Trust-PCL: An Off-Policy Trust Region Method for Continuous Control

Authors: Ofir Nachum, Mohammad Norouzi, Kelvin Xu, Dale Schuurmans

ICLR 2018 | Conference PDF | Archive PDF | Plain Text | LLM Run Details

Reproducibility Variable Result LLM Response
Research Type Experimental When evaluated on a number of continuous control tasks, Trust-PCL significantly improves the solution quality and sample efficiency of TRPO. We evaluate Trust-PCL against TRPO on a number of benchmark tasks.
Researcher Affiliation Industry Ofir Nachum, Mohammad Norouzi, Kelvin Xu, & Dale Schuurmans {ofirnachum,mnorouzi,kelvinxx,schuurmans}@google.com Google Brain
Pseudocode Yes A simplified pseudocode for Trust-PCL is presented in Algorithm 1.
Open Source Code Yes An implementation of Trust-PCL is available at https://github.com/tensorflow/models/ tree/master/research/pcl_rl
Open Datasets Yes We chose a number of control tasks available from Open AI Gym (Brockman et al., 2016).

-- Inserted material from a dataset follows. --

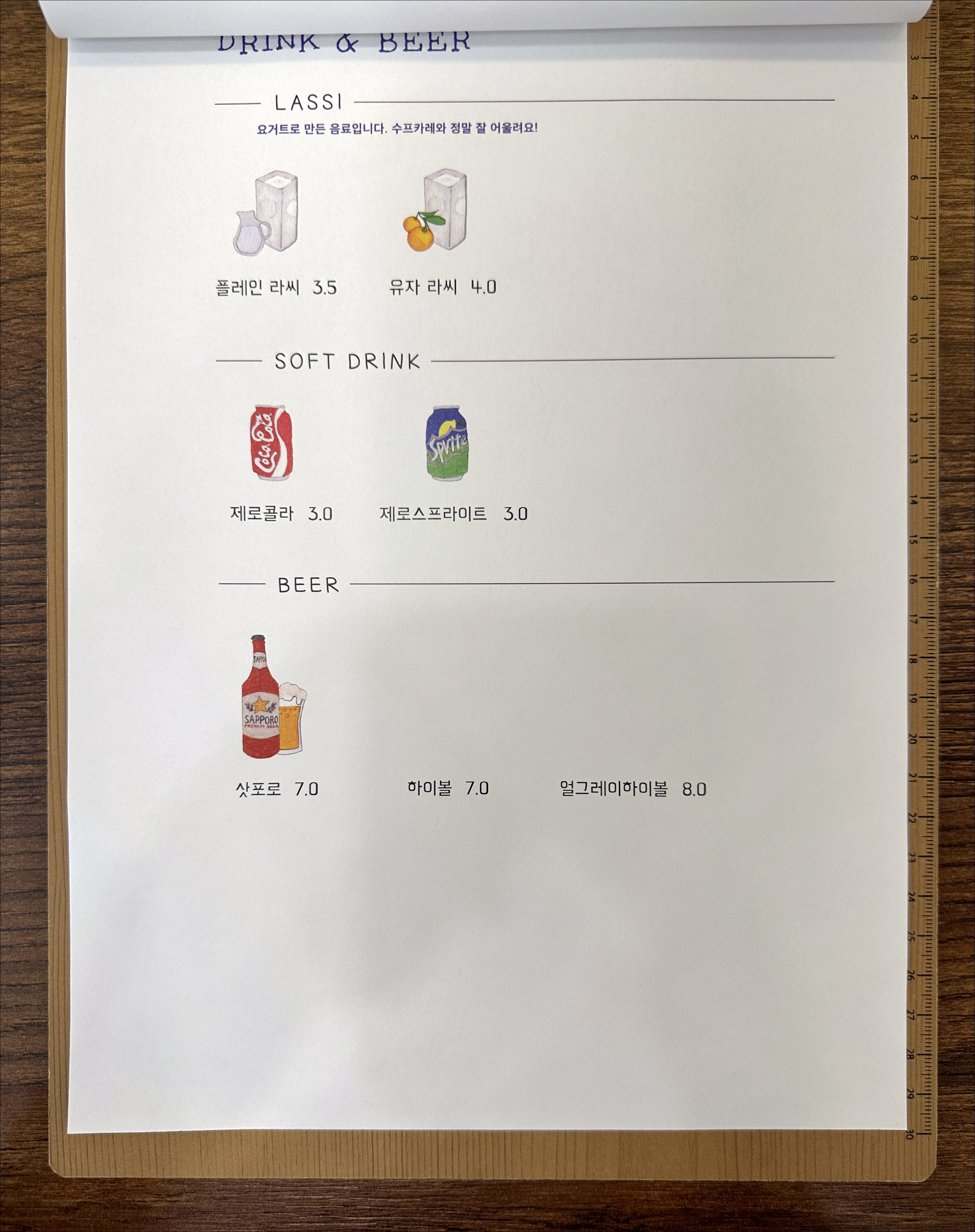 국물 맛은 어떤 카레를 시키든 다 똑같습니다. 차림표에는 코코넛 밀크를 추가 비용 내고 넣을 수 있다고 인쇄해 놓고는 선택 불가로 고쳐 놓았습니다.

The first task, Acrobot, is a discrete-control task, while the remaining tasks (Half Cheetah, Swimmer, Hopper, Walker2d, and Ant) are well-known continuous-control tasks utilizing the Mu Jo Co environment (Todorov et al., 2012).
Dataset Splits No The paper describes hyperparameter search ('For each of the variants and for each environment, we performed a hyperparameter search to find the best hyperparameters.'), implying a validation process, but does not provide explicit train/validation/test dataset split percentages, counts, or specific predefined split references.
Hardware Specification No The paper states 'Experiments were performed using Tensorflow (Abadi et al., 2016)' but does not provide specific details about the hardware (e.g., CPU/GPU models, memory) used for these experiments.
Software Dependencies No The paper mentions software like Tensorflow (Abadi et al., 2016), OpenAI Gym (Brockman et al., 2016), Mu Jo Co (Todorov et al., 2012), and the Adam optimizer (Kingma & Ba, 2015), but does not provide specific version numbers for these or other software dependencies.
Experiment Setup Yes For TRPO we trained using batches of Q = 25, 000 steps... Trust-PCL ... alternate between collecting P = 10 steps from the environment and performing a single gradient step based on a batch of size Q = 64 sub-episodes of length P from the replay buffer, with a recency weight of β = 0.001... To maintain stability we use α = 0.99 and we modified the loss from squared loss to Huber loss... For Trust-PCL (on-policy), the policy is trained by taking a single gradient step using the Adam optimizer (Kingma & Ba, 2015) with learning rate 0.001. The value network update ... we perform 5 gradients steps with learning rate 0.001... We use κ = 0.95. For Trust-PCL (off-policy), both the policy and value parameters are updated in a single step using the Adam optimizer with learning rate 0.0001. We fix the discount to γ = 0.995 for all environments. For TRPO we performed a grid search over ϵ {0.01, 0.02, 0.05, 0.1}, d {10, 50}. For Trust-PCL we performed a grid search over ϵ {0.001, 0.002, 0.005, 0.01}, d {10, 50}.